MicroRNAs (miRNAs), with a length of 20–30 nt, are endogenous, non-coding small RNAs (Bartel, 2009; Dang, Yang, Xue, & Liu, 2011). In plants and animals, miRNAs have been studied extensively and some of them express in a stage-specific or tissue-specific manner and are regarded as conserved regulators of gene expression (Bartel, 2004; Wienholds & Plasterk, 2005; Shamimuzzaman & Vodkin, 2012). MiRNAs are involved in various biological processes, such as cell proliferation and differentiation, apoptosis, stress response, tissue morphogenesis and developmental processes (Bartel, 2004; Wienholds & Plasterk, 2005; Zhang, Pan, Cobb, & Anderson, 2006; Chen, Schaffert, Fragoso, & Loh, 2013). In addition, the regulatory mechanisms of miRNAs have been explored. miRNAs are non-coding and cannot perform their physiological functions independently, but their precursors can pair with target mRNAs completely or imprecisely and form a stem-loop RNA. Subsequently, like in RNA interference, the double-stranded RNAs are processed by dicer-like enzymes, and finally the specific mRNAs are degraded or the translation process is inhibited (Carrington & Ambros, 2003;Tay, Zhang, Thomson, Lim, & Rigoutsos, 2008; Bartel, 2009; Hyun et al., 2009). Therefore, miRNAs perform their functions through the negative regulation of target mRNAs.

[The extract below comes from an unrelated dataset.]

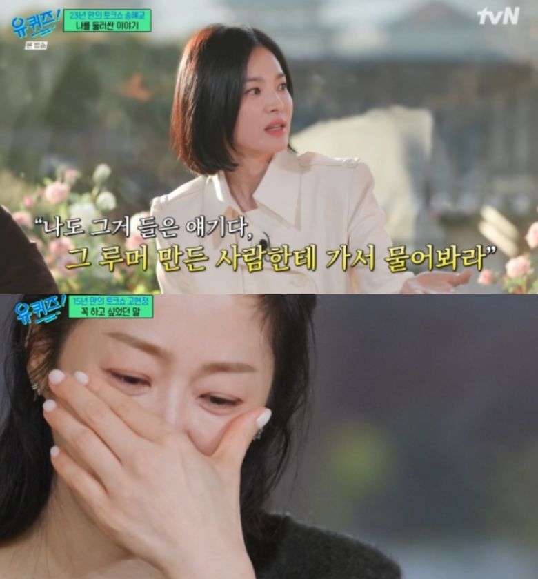 지난 1월 8일 '유퀴즈'에서 송혜교는 자신을 둘러싼 루머 심경까지 모두 밝히며 인생사를 솔직히 전해 많은 응원을 받았다.
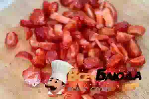 5. Клубнику порезать 4-6 частей в зависимости от размера ягод. Если ягоды водянистые, то перед добавлением в творожное тесто надо присыпать её крахмалом

Compared with plant and animal miRNAs, research on fungal miRNAs has been relatively low, and the production mechanisms have some differences in that not only polymerase II, but also polymerase III enzymes are responsible for fungal miRNA transcription and at least four different pathways have been uncovered for miRNA production (Lee et al., 2010; Yang et al., 2013). Recently, however, more and more fungal miRNAs have been reported, such as miRNAs from Cryptococcus neoformans (Jiang, Yang, Janbon, Pan, & Zhu, 2012), Sclerotinia sclerotiorum (Zhou et al., 2012a), Metarhizium anisopliae (Zhou, Wang, Zhang, Meng, & Huang, 2012b), Trichoderma reesei (Kang et al., 2013), Penicillium marneffei (Lau et al., 2013), Fusarium oxysporum (Chen et al., 2014), Antrodia cinnamomea (Lin et al., 2015) and Penicillium chrysogenum (Dahlmann & Kück, 2015), which has shed light on the evolutionary origins, production mechanisms and biological function of fungal miRNAs. In T. reesei, small RNAs libraries from cellulose induction and non-induction conditions were compared, which implied that miRNAs might play a role in growth and cellulose production (Kang et al., 2013). In Penicillium marneffei, the differential expression of miRNAs in the mycelial and yeast phases was explored, which showed the possible role of post-transcriptional control in governing thermal dimorphism (Lau et al., 2013). In S. sclerotiorum, miRNA sequencing revealed some miRNAs related to sclerotial development, and in Coprinopsis cinerea, miRNAs identified in the vegetative mycelium and primordium showed potential roles in regulating fruiting body development (Zhou et al., 2012a; Lau et al., 2018). However, the physiological functions of these miRNAs were suggested based on bioinformatics analysis and their exact functions need to be explored through further experiments (Chen et al., 2013; Lin et al., 2015).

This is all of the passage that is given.